### [HOW TO COMPLETE THIS TASK]
Extract only the first line of the listing and every line after it up to and including the one with "露天風呂には目隠しの塀が無いうえに隣を川が流れ、対岸には自然林が広がっているので". Omit the pictures.

### [INFORMATION SHOWN]

****

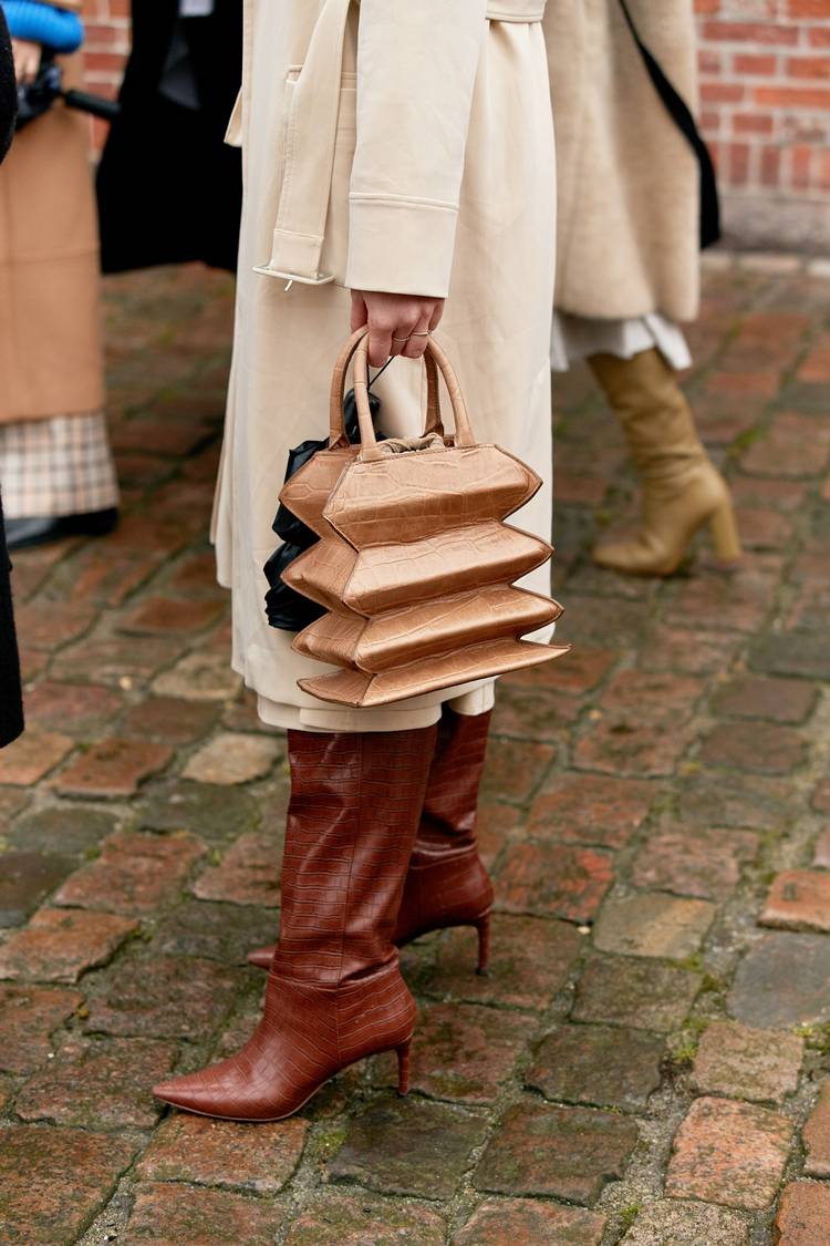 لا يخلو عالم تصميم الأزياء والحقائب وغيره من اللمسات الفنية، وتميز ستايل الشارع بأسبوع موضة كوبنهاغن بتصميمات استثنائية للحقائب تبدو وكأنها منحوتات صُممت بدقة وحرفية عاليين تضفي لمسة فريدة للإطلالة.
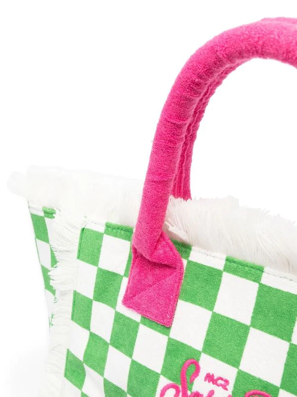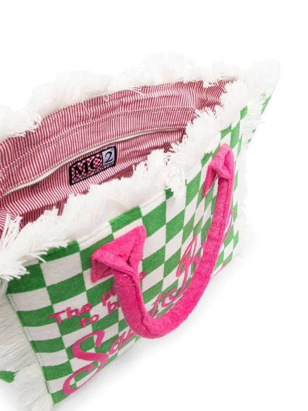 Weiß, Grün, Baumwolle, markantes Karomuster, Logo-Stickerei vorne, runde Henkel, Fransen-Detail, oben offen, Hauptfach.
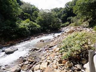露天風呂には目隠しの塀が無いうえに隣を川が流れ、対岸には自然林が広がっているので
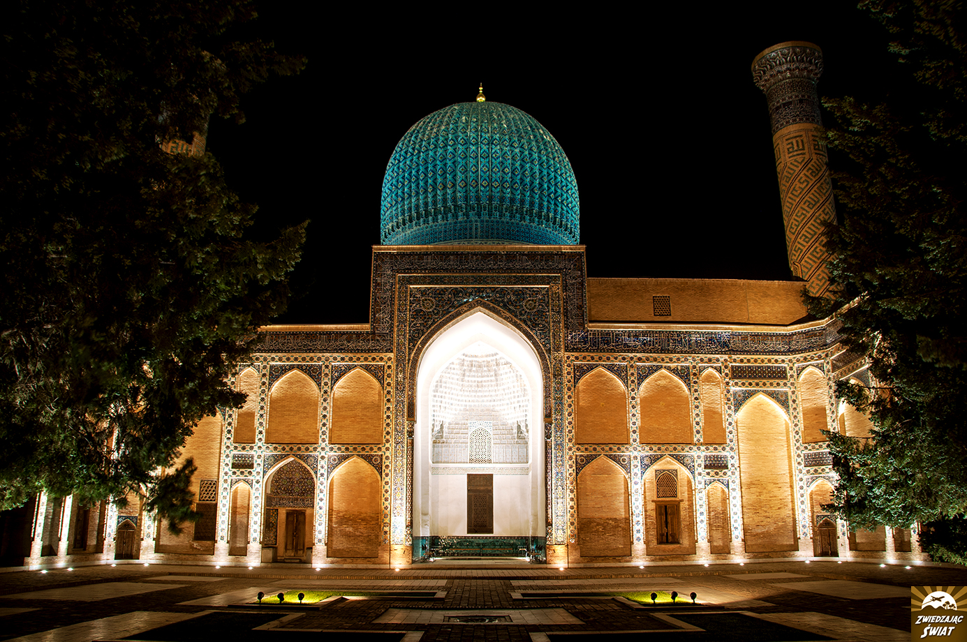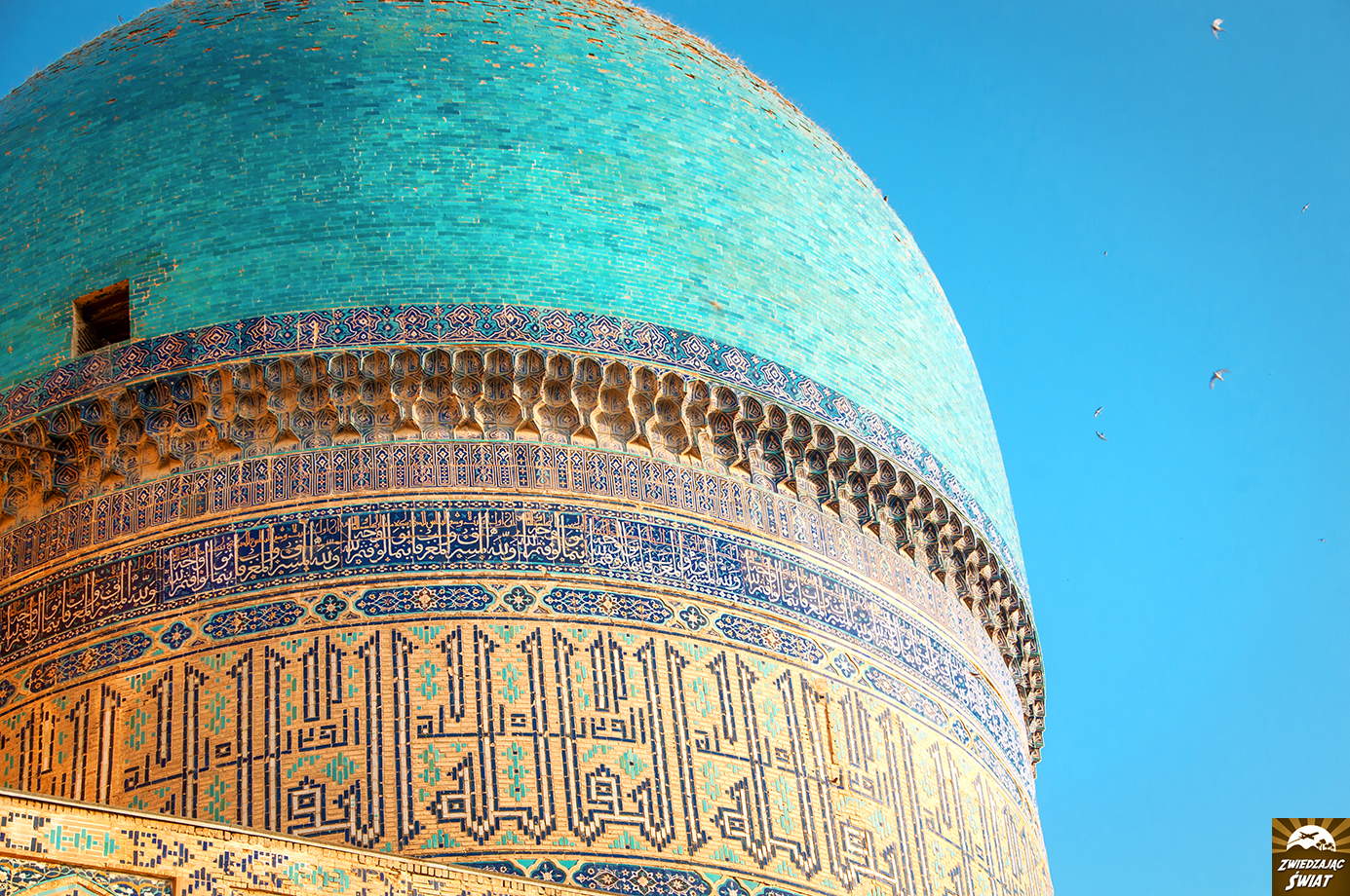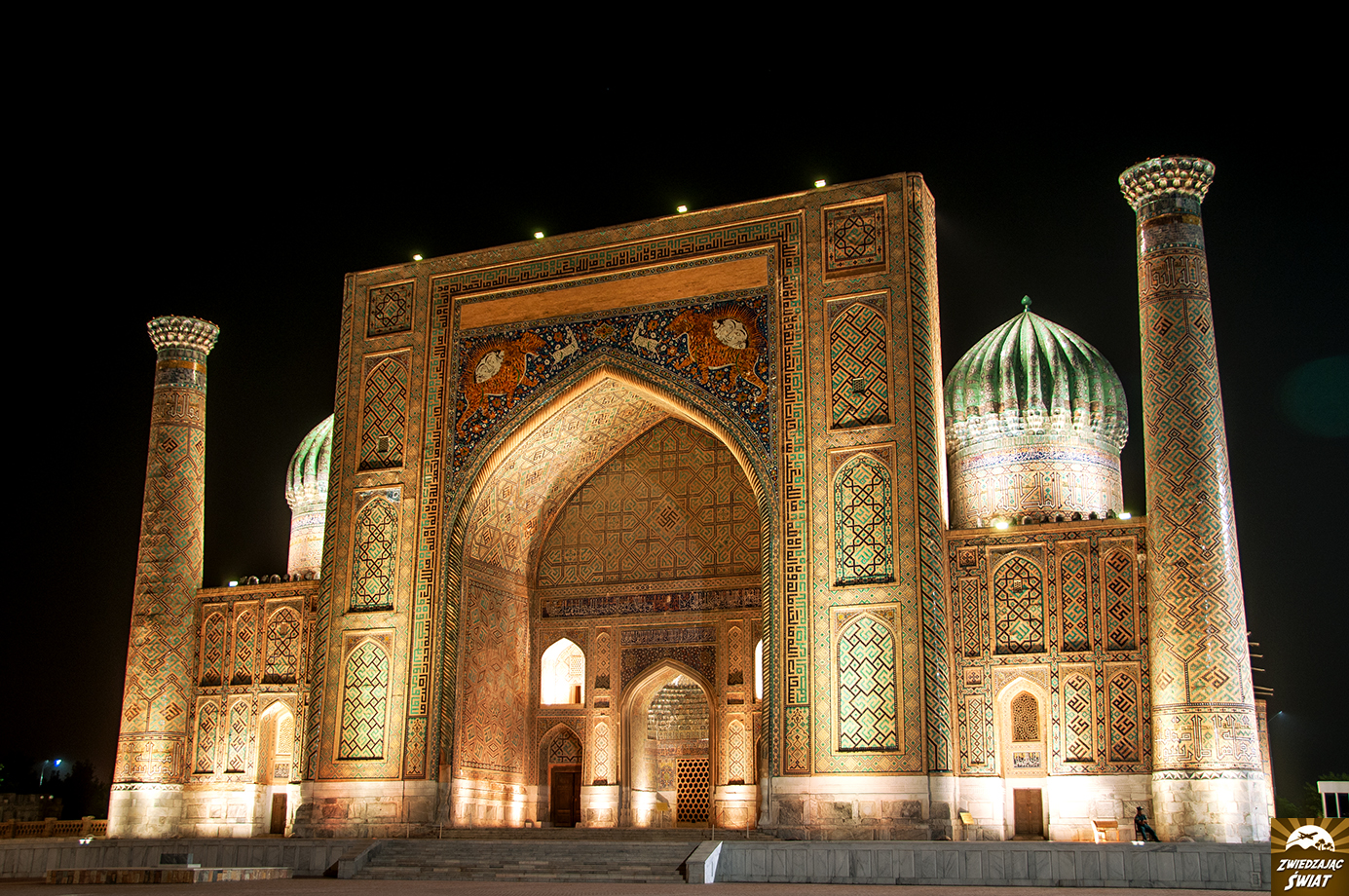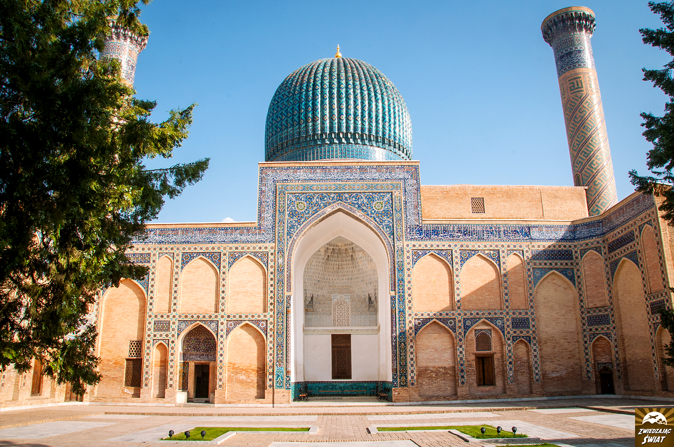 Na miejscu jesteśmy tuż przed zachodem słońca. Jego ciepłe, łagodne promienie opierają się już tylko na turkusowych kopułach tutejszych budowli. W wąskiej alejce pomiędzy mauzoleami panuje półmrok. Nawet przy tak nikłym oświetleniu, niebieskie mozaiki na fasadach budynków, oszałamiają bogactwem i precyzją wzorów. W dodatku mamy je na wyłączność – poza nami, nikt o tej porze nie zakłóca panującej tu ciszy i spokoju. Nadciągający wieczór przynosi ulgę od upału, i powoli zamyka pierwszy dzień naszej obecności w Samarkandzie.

****

### [SOLUTION]
 لا يخلو عالم تصميم الأزياء والحقائب وغيره من اللمسات الفنية، وتميز ستايل الشارع بأسبوع موضة كوبنهاغن بتصميمات استثنائية للحقائب تبدو وكأنها منحوتات صُممت بدقة وحرفية عاليين تضفي لمسة فريدة للإطلالة.
 Weiß, Grün, Baumwolle, markantes Karomuster, Logo-Stickerei vorne, runde Henkel, Fransen-Detail, oben offen, Hauptfach.
露天風呂には目隠しの塀が無いうえに隣を川が流れ、対岸には自然林が広がっているので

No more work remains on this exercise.